> **Recorded data**
-- Opening Marker --
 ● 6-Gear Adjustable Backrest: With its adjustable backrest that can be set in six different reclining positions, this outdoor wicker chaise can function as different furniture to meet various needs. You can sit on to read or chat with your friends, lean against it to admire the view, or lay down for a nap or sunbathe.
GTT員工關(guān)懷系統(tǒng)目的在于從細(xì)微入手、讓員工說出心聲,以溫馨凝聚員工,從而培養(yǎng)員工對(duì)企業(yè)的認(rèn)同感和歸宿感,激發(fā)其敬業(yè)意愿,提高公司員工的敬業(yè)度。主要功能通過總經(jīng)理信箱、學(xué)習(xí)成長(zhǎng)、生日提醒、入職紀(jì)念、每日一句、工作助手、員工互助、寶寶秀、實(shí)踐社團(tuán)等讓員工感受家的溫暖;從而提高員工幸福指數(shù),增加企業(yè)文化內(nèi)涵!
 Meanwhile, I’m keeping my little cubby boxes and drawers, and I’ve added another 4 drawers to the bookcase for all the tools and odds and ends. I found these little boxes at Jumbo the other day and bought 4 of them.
-- Closing Marker --
> **Work request**
All lines from the one with "GTT員工關(guān)懷系" through the end of the data must be repeated exactly, and nothing else may be repeated.

> **Answer for this exercise**
GTT員工關(guān)懷系統(tǒng)目的在于從細(xì)微入手、讓員工說出心聲,以溫馨凝聚員工,從而培養(yǎng)員工對(duì)企業(yè)的認(rèn)同感和歸宿感,激發(fā)其敬業(yè)意愿,提高公司員工的敬業(yè)度。主要功能通過總經(jīng)理信箱、學(xué)習(xí)成長(zhǎng)、生日提醒、入職紀(jì)念、每日一句、工作助手、員工互助、寶寶秀、實(shí)踐社團(tuán)等讓員工感受家的溫暖;從而提高員工幸福指數(shù),增加企業(yè)文化內(nèi)涵!
 Meanwhile, I’m keeping my little cubby boxes and drawers, and I’ve added another 4 drawers to the bookcase for all the tools and odds and ends. I found these little boxes at Jumbo the other day and bought 4 of them.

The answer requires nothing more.